Although individual decisions are made by managers at the local level, KPMG’s overall system is not the product of accident or happenstance. It is under the direction of a National Director of Compensation Strategies, who — with a staff of approximately 12 people – is responsible for designing and implementing the firm’s employee compensation program and managing the firm’s performance recognition programs. The result, according to Plaintiffs, is a pay disparity between women and men of approximately 2.8%. Although any statistically significant pay disparity on account of gender would be improper, for context, the national disparity in pay between women and men is 18%. …
KPMG counters Plaintiffs’ analysis and asserts that Plaintiffs have provided “no statistical evidence of anything more than sporadic and isolated within-job sex disparities in pay.”
Schofield said, regardless of who is correct, under Dukes, the proposed class cannot be certified.
Plaintiffs’ argument, at its core, still boils down to “managers, who were left without meaningful guidance … , fell back on their own stereotyped views of women in making pay and promotion decisions.” … Nevertheless, this argument “leaves [p]laintiffs right back where they started: challenging [defendant’s] practice of delegating discretion to local managers, which the Supreme Court specifically held was not a specific employment practice supplying a common question sufficient to certify a class.” As Plaintiffs provide insufficient evidence of “some glue” holding together the reasons for the countless individual employment decisions they challenge, the motion for class certification is denied.
Equal Pay Act claim
The judge also denied final certification of the Equal Pay Act collective. In October 2014, 9,000 women—both past and present Klynveldians—were sent a court-ordered notice that welcomed them to join the collective action challenging pay discrimination at KPMG. Of those 9,000, more than 1,100 responded to the notice, allowing them to join the Equal Pay Act collective as “opt-ins.”

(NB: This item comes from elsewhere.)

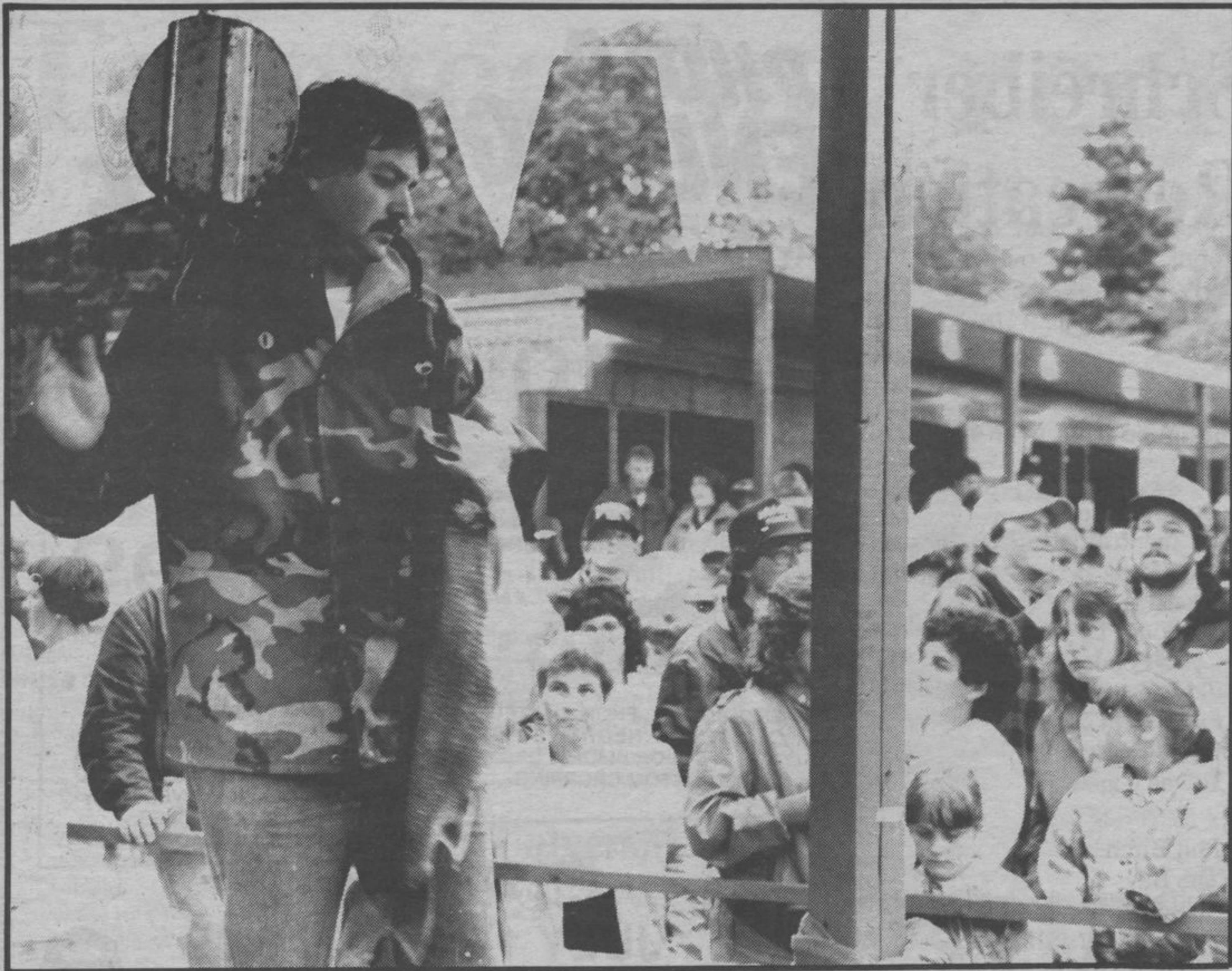
Spectators watch as a large lake trout is taken off the scales.

But Schofield said “the sheer size and breadth of the proposed collective” suggests that its members didn’t work in a single “establishment” and aren’t “similarly situated.”

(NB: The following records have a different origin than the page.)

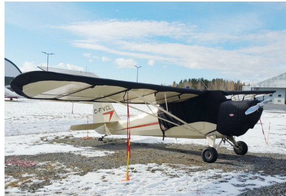
Aeronca Chief 11AC Canopy, Insulated Engine, & Wing Covers
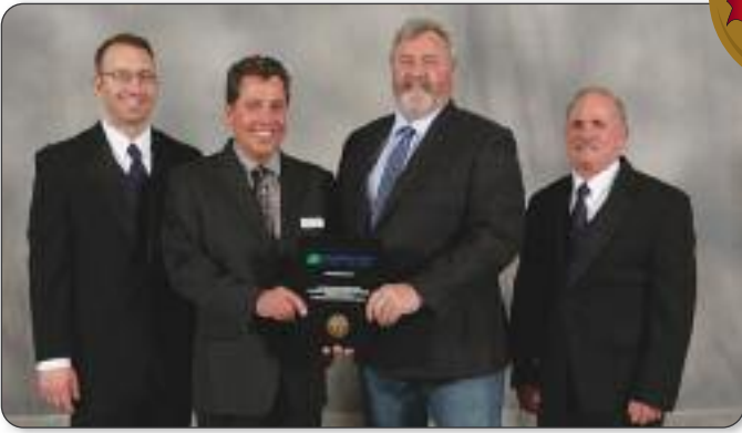
Sealtite Applicators, Inc. Cockeysville, Maryland
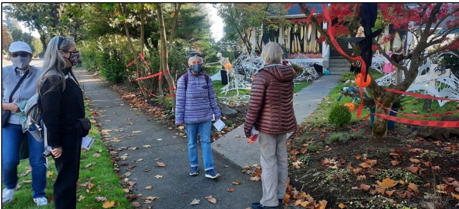
Monday October walk - Olympia

A BIG thank you to all of you who have sent me photos over the past 2 months! Since there was no newsletter in October, I have too many photos to put in one newsletter. Here are a few with where they were taken. Most were from September and October. Our club was busy this Fall! Good work walkers!
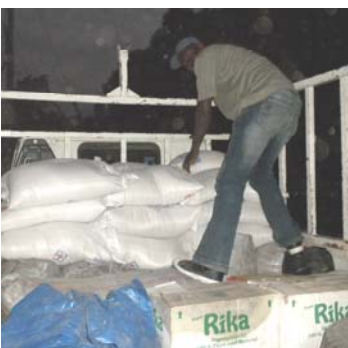
Rice, pasta and oil

This service that you perform is not only supplying the needs of God's people but is also overflowing in many expressions of thanks to God. Because of the service by which you have proved yourselves, men will praise God for the obedience that accompanies your confession of the gospel of Christ, and for your generosity in sharing with
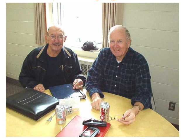
COME FOR COFFEE – STAY FOR LUNCH

[A]lthough KPMG set generally applicable guidelines, individual pay and promotion decisions were left to the discretion of local practice area leaders. These decentralized discretionary determinations were reviewed by firm leadership on an aggregate basis against budget. Pay and promotion decisions were not sufficiently “centralized” to amount to “unusual circumstances” warranting a finding that the many offices and practice areas represented in the 1,100-member Proposed Collective qualify as a single “establishment” under the EPA. …
[B]ecause employees sharing a single job title at KPMG are not “similarly situated” to one another, if the Proposed Collective were certified, it would be necessary to: (1) match the Opt-ins with 1,100 unique proposed male comparators; (2) adjudicate approximately 1,100 “equal work” questions and only then (3) turn to any individualized defenses KPMG might raise with respect to specific Opt-Ins (e.g., poor performance reviews). Such an undertaking is impractical if not impossible. … For this reason, the motion for final certification of a collective is denied, and the collective that was preliminarily certified is decertified.
KPMG spokesperson Manuel Goncalves told Going Concern the firm is pleased with the federal court’s decision.
“KPMG is committed to the advancement of women throughout the organization, and as a result is recognized as a leader for its strong commitment to supporting women in the workplace,” he said. “Diversity and inclusion have long been priorities for the firm, and as such are woven into our culture and everything we do.”
Kate Mueting, partner and co-chair of the Title VII practice in Sanford Heisler Sharp’s Washington, DC, office and lead attorney for KPMG’s female plaintiffs, told Going Concern, “We still currently represent 1,100-plus opt-ins who are in active litigation, and we are considering our options for moving forward.”